Ao optar pelo rito da expropriação, o exequente não pode se valer do pedido de prisão civil. Por outro lado, caso escolha pelo procedimento que permite a restrição da liberdade, implementada a medida de clausura e permanecendo o débito, o credor pode perseguir o seu direito com o uso de instrumentos expropriatórios – busca de dinheiro, imóvel, carro, etc.

O novo diploma legal afastou temporariamente o disposto no art. 528, § 3º, da Lei nº. 13.105/2015, justamente a possibilidade de prisão civil em regime fechado e em estabelecimento prisional.
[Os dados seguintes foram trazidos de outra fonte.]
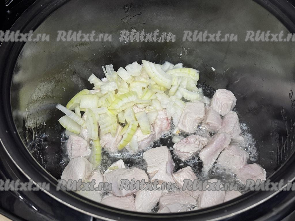 Лук нарезать четверть кольцами, добавить в чашу мультиварки с обжаренным мясом, перемешать, готовить в течение 3-4 минут, иногда помешивая.
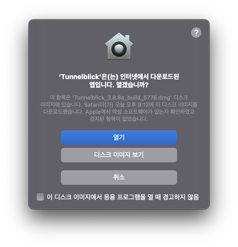 설치 진행을 위해 Tunnelblick 아이콘을 더블 클릭 한다.macos는 외부에서 다운로드된 앱에 대해서는 경고창을 띄운다.
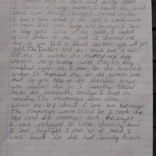 This week in English, we have written the ending to our class story The Journey. We have worked on using expanded noun phrases and fronted adverbs to write an exciting end to the story.
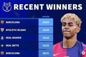 上一篇: 德轉(zhuǎn)列近10年國王杯冠軍:巴薩5次登頂,皇馬僅在2023年奪冠

Dessa forma, até o dia 30.10.2020 a prisão civil do devedor de alimentos deverá ser cumprida exclusivamente em regime domiciliar.

Para contemporizar, o legislador permitiu expressamente ao alimentando exigir o cumprimento da obrigação mesmo que preso o alimentante. Essa passagem, de fato, nada acresce, pois, como anotado, nessas situações já era permitida a perseguição de bens do devedor.

Como não poderia ser diferente, a alteração não impõe seja decretada a prisão domiciliar, mas sim que, caso seja esse o caminho, assim será cumprida até o dia 30.10.2020. Portanto, as opções comentadas neste artigo continuam atuais.

Conclusivamente, pela letra fria da lei, passado o dia 30.10.2020, aquele que estiver cumprindo a prisão no regime domiciliar poderá ter o cárcere convertido para o regime fechado, pois, a partir de então, o art. 15 da Lei nº. 14.010/2020 não mais terá vigência, voltando a ser aplicada íntegra do art. 528, § 3º, da Lei nº. 13.105/2015.

Além do mais, o novo dispositivo estabelece que a prisão será cumprida exclusivamente sob regime domiciliar até o dia 30.10.2020, e não que todas as prisões civis decretadas até o dia 30.10.2020 serão cumpridas exclusivamente em regime docmiliar. A diferença é sutil, mas de grande relevância prática, pois decretado o cárcere, passado o dia 30.10.2020 e remanescendo prazo, vê-se a possibilidade de cumprimento do restante em regime fechado.

A lei estabeleceu o termo final da clausura exclusiva em regime domiciliar, e não a garantia de que todas as prisões decretadas até o dia 30.10.2020 serão cumpridas integralmente em regime domiciliar. É bom que o devedor fique com as barbas de molho, pois dificilmente mais uma vez será salvo pelo gongo da pandemia.

Contudo, essas serão as cenas dos próximos capítulos.